Can you not see that people are different, totally different, from one another? To
think that we are all the same is impossible; our natures, our temperaments, are
utterly unlike. But this is what people will never see; they found all their opinions on
a wrong basis. How can their deductions be just if their premises are wrong? One
law laid down by the majority, who happen to be of one disposition, is only binding
on the minority legally, not morally. What right have you, or anyone, to tell me that
such and such a thing is sinful for me? Oh, why can I not explain to you and force
you to see?" and his grasp tightened on the other's arm.

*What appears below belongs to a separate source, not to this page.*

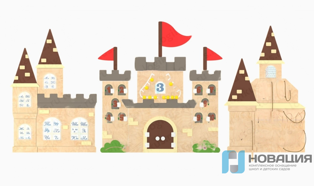 Настенная панель выполнена в виде замка. Изготовлена из гипоаллергенных материалов. На поверхности расположены окошки с цифрами и буквами русского алфавита.

Then he continued, speaking fast and earnestly: "For me, with my nature, to have
married would have been sinful: it would have been a crime, a gross immorality, and
my conscience would have revolted." Then he added, bitterly: "Conscience should
be that divine instinct which bids us seek after that our natural disposition needs -
we have forgotten that; to most of us, to the world, nay, even to Christians in
general, conscience is merely another name for the cowardice that dreads to
offend against convention. Ah, what a cursed thing convention is! I have committed
no moral offence in this matter; in the sight of God my soul is blameless; but to you
and to the world I am guilty of an abominable crime - abominable, because it is a
sin against convention, forsooth!
"I met this boy: I loved him as I had never loved anyone or anything before: I had
no need to labor to win his affection - he was mine by right: he loved me, even as I
loved him, from the first: he was the necessary complement to my soul. How dare
the world presume to judge us ? What is convention to us ? Nevertheless, although
I really knew that such a love was beautiful and blameless, although from the
bottom of my heart I despised the narrow judgment of the world, yet for his sake
and for the sake of our Church, I tried at first to resist. I struggled against the
fascination he possessed for me. I would never have gone to him and asked his
love; I would have struggled on till the end: but what could I do?

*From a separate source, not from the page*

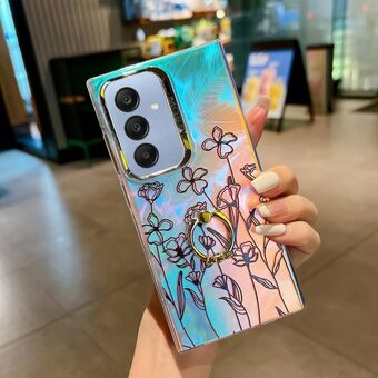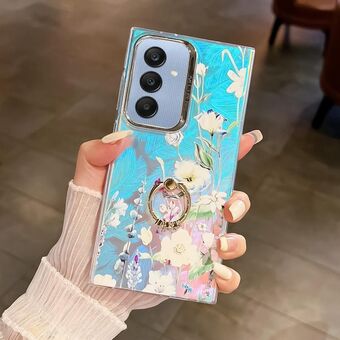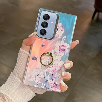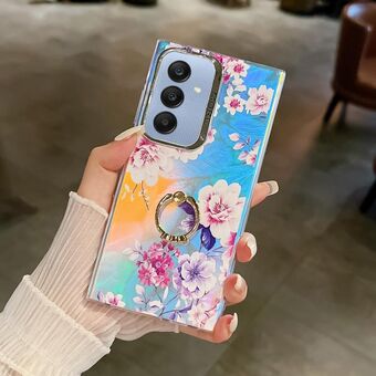 For Samsung Galaxy A25 5G Electroplating Laser Flower Ring Holder TPU Phone Case(Drawn Flowers AH3)

"It was he that came to me, and offered me the wealth of love his beautiful soul
possessed. How could I tell to such a nature as his the hideous picture the world
would paint? Even as you saw him this evening, he has come to me night by night, -
how dare I disturb the sweet purity of his soul by hinting at the horrible suspicions
his presence might arouse? I knew what I was doing. I have faced the world and
set myself up against it. I have openly scoffed at its dictates. I do not ask you to
sympathize with me, nor do I pray you to stay your hand. Your eyes are blinded
with a mental cataract. You are bound, bound with those miserable ties that have
held you body and soul from the cradle. You must do what you believe to be your
duty. In God's eyes we are martyrs, and we shall not shrink even from death in
this struggle against the idolatrous worship of convention."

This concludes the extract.